## How to complete this task
All of the data must be written out verbatim, with pictures excluded.

+++ Raw data +++

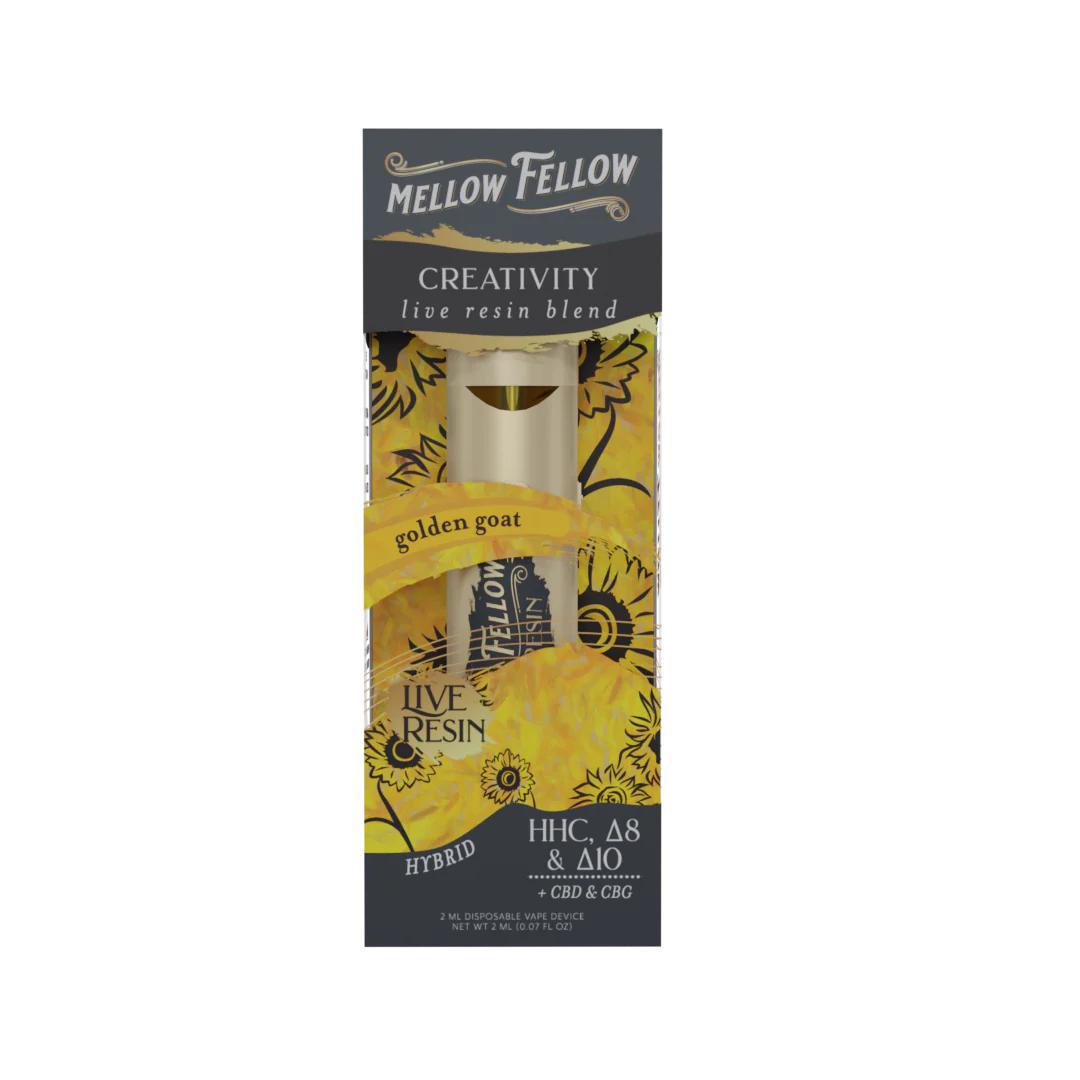 The sweet, fruity, tropical, sativa-dominant Golden Goat is the offspring of Island Sweet Skunk and Hawaiian Romulan. The effects of this strain are: Energy, Euphoria, Relaxation, and Focus. All the Mellow Fellow Master Artist Blends are easy to integrate into daily life, but Van Gogh’s Golden Goat blend was formulated specifically to give you the creative edge.
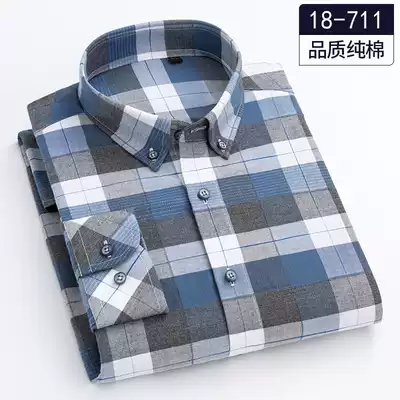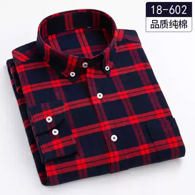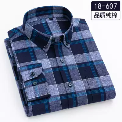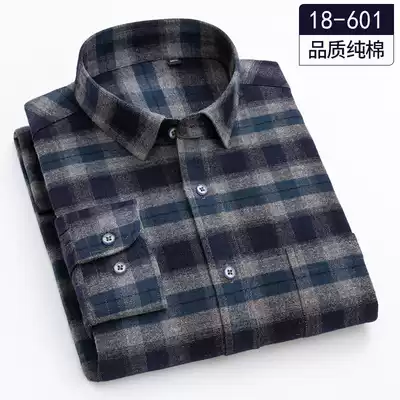 Autumn cotton shirt men's long-sleeved brushed large plaid youth casual inch clothes Korean slim men's cotton shirt
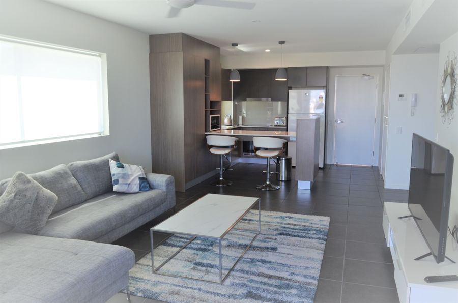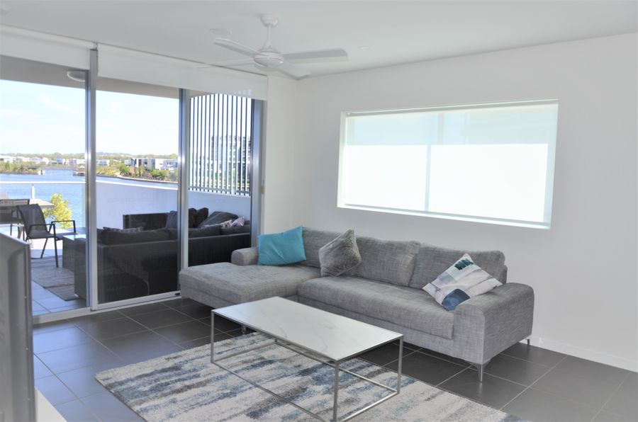 Currently on offer is this modern and stylish, two-bedroom, two-bathroom, fully furnished, waterfront apartment.
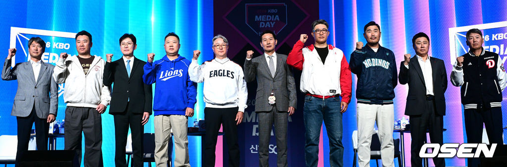 키움 설종진(왼쪽부터), KIA 이범호, KT 이강철, 삼성 박진만, 한화 김경문, LG 염경엽, SSG 이숭용, NC 이호준, 롯데 김태형, 두산 김원형 감독이 포즈를 취하고 있다. 2026.03.26 /cej@osen.co.kr
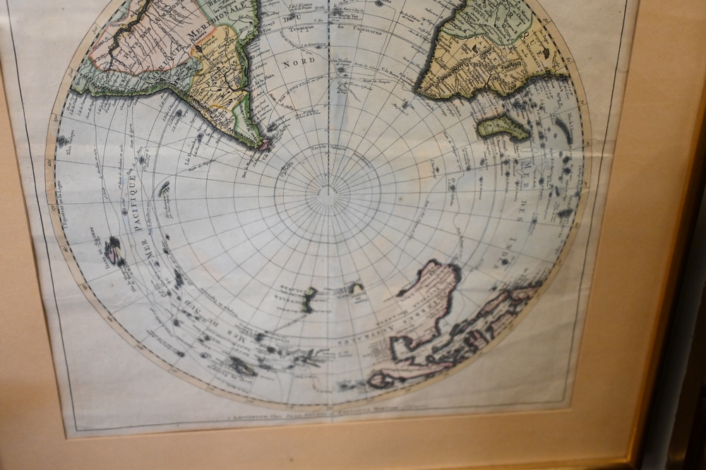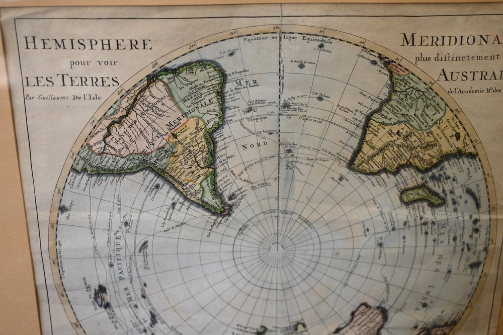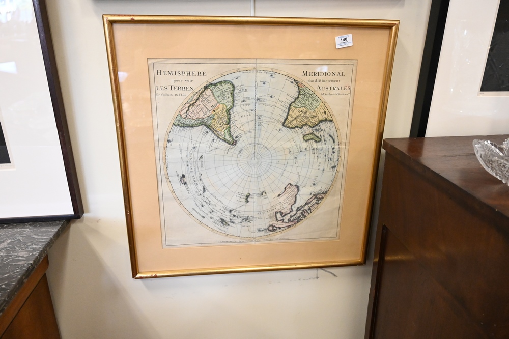 Lot 140: Guillaume de L’Isle, “Hemisphere Meridional” engraving on paper with hand coloring of South America, Africa, and Australia from the south pole, sight size 19″ x 18 1/2″.
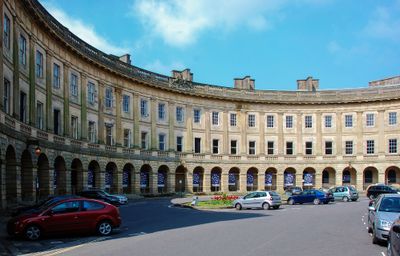 Buxton Crescent is a Georgian residential building with a curved southeast-facing facade that houses hotels, lodging accommodations, and an assembly room featuring a painted ceiling. The structure comprises interconnected sections that form a unified architectural complex in the town center.
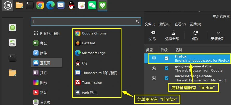 Ubuntu桌面系统和基于Ubuntu开发的桌面系统(例如LinuxMint),预装的网页浏览器基本都是Firefox火狐浏览器,通过软件商店卸载Firefox火狐浏览器,虽然卸载完成了,但是Firefox火狐浏览器还有其它的包在系统内并没有完全卸载干净。 例如LinuxMint系统,通过软件管理器卸载Firefox浏览器,“更新管理器”的列表中还有firefox的更新项目,见下图。
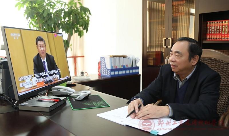 图为校长姚锡远教授观看纪念中国人民志愿军抗美援朝出国作战70周年大会直播

+++

## Exercise response
 The sweet, fruity, tropical, sativa-dominant Golden Goat is the offspring of Island Sweet Skunk and Hawaiian Romulan. The effects of this strain are: Energy, Euphoria, Relaxation, and Focus. All the Mellow Fellow Master Artist Blends are easy to integrate into daily life, but Van Gogh’s Golden Goat blend was formulated specifically to give you the creative edge.
 Autumn cotton shirt men's long-sleeved brushed large plaid youth casual inch clothes Korean slim men's cotton shirt
 Currently on offer is this modern and stylish, two-bedroom, two-bathroom, fully furnished, waterfront apartment.
 키움 설종진(왼쪽부터), KIA 이범호, KT 이강철, 삼성 박진만, 한화 김경문, LG 염경엽, SSG 이숭용, NC 이호준, 롯데 김태형, 두산 김원형 감독이 포즈를 취하고 있다. 2026.03.26 /cej@osen.co.kr
 Lot 140: Guillaume de L’Isle, “Hemisphere Meridional” engraving on paper with hand coloring of South America, Africa, and Australia from the south pole, sight size 19″ x 18 1/2″.
 Buxton Crescent is a Georgian residential building with a curved southeast-facing facade that houses hotels, lodging accommodations, and an assembly room featuring a painted ceiling. The structure comprises interconnected sections that form a unified architectural complex in the town center.
 Ubuntu桌面系统和基于Ubuntu开发的桌面系统(例如LinuxMint),预装的网页浏览器基本都是Firefox火狐浏览器,通过软件商店卸载Firefox火狐浏览器,虽然卸载完成了,但是Firefox火狐浏览器还有其它的包在系统内并没有完全卸载干净。 例如LinuxMint系统,通过软件管理器卸载Firefox浏览器,“更新管理器”的列表中还有firefox的更新项目,见下图。
 图为校长姚锡远教授观看纪念中国人民志愿军抗美援朝出国作战70周年大会直播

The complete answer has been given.